• Tuesday, Mar. 26, 2024
Pioneering animation, film and media creator Eli Noyes dies at 81
Eli Noyes
  • SAN FRANCISCO
  • --

Documentary filmmaker, animator, and interactive media creator Eli Noyes died of cancer on Saturday (3/23) at the age of 81 in San Francisco, surrounded by family. 

The son of modernist architect Eliot Noyes and Mary “Molly” (Weed) Noyes, Eli Noyes grew up in an environment imbued with art and music. In 1966, while an undergraduate at Harvard, Noyes was nominated for an Academy Award® for his eight-minute animated film, Clay, or the Origin of Species.  The short is credited as establishing the genre of clay animation and remains a classic of stop motion filmmaking. Subsequent animated films employed diverse techniques such as sand animation (Sandman, 1973) and pixelated stop motion (Peanut Butter and Jelly, 1976).

In the early 1970’s Eli Noyes and Claudia Weil filmed a number of documentaries, many of which are still shown in film schools today, including This Is the Home of Mrs. Levant Graham (1970). Accompanying his father to the Aspen Design Conference, Noyes teamed with Weil to document the confrontation between established architects and the new generation of socially conscious young talents of the era in Aspen: 1970.
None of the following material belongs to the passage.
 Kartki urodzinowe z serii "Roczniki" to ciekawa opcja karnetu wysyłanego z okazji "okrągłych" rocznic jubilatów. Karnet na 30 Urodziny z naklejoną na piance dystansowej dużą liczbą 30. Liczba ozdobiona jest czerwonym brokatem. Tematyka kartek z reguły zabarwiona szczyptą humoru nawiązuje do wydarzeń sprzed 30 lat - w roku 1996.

An independent artist and animator, Noyes brought his playful creative talents to shape the look and spirit of children’s programming in the early days of cable TV, especially for the Nickelodeon network. Noyes was one of the first creative contributors to Nickelodeon. Pinwheel, Nickelodeon’s first show, featured Noyes’ animated pinwheels made with sand. In 1983, Noyes and Kit Laybourne started Noyes & Laybourne Enterprises, an independent studio located in NYC’s Soho. In the early ‘80s Nickelodeon was filled with content it acquired, with a variety of styles and looks. Packaging was the only way to express a personality. Noyes & Laybourne contributed to the look of Nickelodeon and Nick at Nite with playful network IDs. They subsequently created the original shows, Eureeka’s Castle and Gullah Gullah Island. For MTV they also produced network graphics and created a showcase of independent animation in “Liquid Television,” which launched series like Mike Judge’s Beavis and Butthead and Peter Chung’s Aeon Flux. Other clients included HBO, IBM, Scholastic, ABC Sports, Reebok, and Xerox.
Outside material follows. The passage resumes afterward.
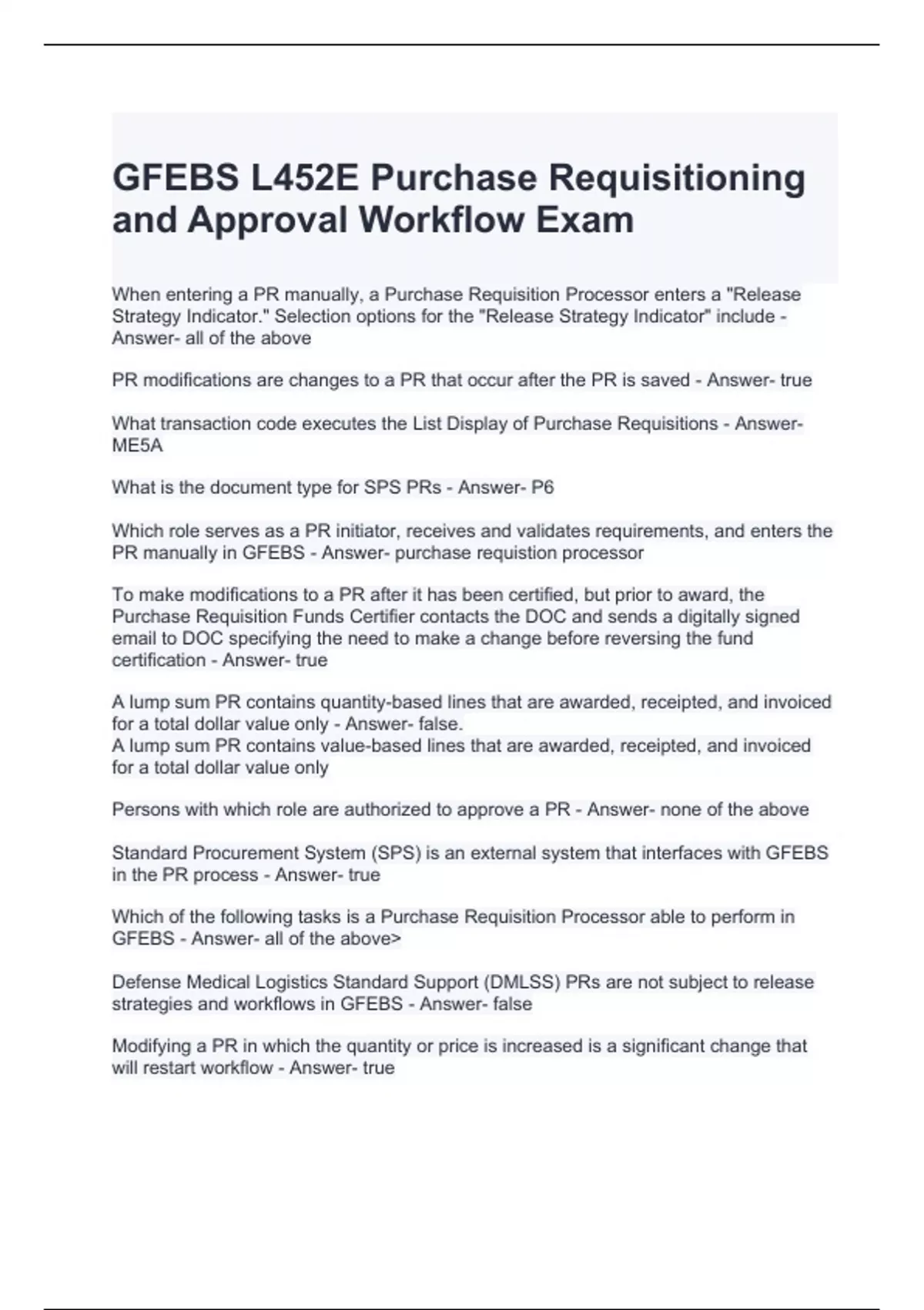 GFEBS L452E Purchase Requisitioning and Approval Workflow Exam 2024

In 1988 Noyes and Laybourne joined (Colossal) Pictures. Known for the variety of special effects and animation techniques (Colossal) was the ideal home for the wide-ranging curiosity that Noyes brought to projects. In 1991 Noyes and family moved to San Francisco, where he directed animation, live action and interactive projects for commercials and TV development. Always early to embrace technology, Noyes created Ruff’s Bone (1994) at (Colossal), a groundbreaking interactive CD-ROM product for Broderbund Software. He moved on to work on interactive projects at Pixar, and with programmers at the Disney Channel and The Disney Imagineers to create one of the first program blocks that combined TV and the internet, ZOOG Disney. Noyes subsequently brought that experience to the first “convergence network” Oxygen, as creative director in the late ‘90s.
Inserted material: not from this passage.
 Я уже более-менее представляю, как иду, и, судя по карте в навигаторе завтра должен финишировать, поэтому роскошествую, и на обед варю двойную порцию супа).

Noyes partnered with Toy Story producer Ralph Guggenheim in 2003, forming Alligator Planet, where he created film, print and media works including short films, and animated segments for documentary films including Oscar® nominee The Most Dangerous Man in America (2003). His 2011 “Go Green” stamps for the U.S. Postal Service featured simple actions everyone can take to conserve natural resources and promote the health of the environment.

Noyes loved music, mastering the oboe, accordion and--most of all--jazz piano. He is survived by his wife Augusta Talbot, son Isaac, daughter Abigail and granddaughter Esme. Donations in Eli Noyes’ memory can be made to International Rivers or the Coalition of Natives and Allies.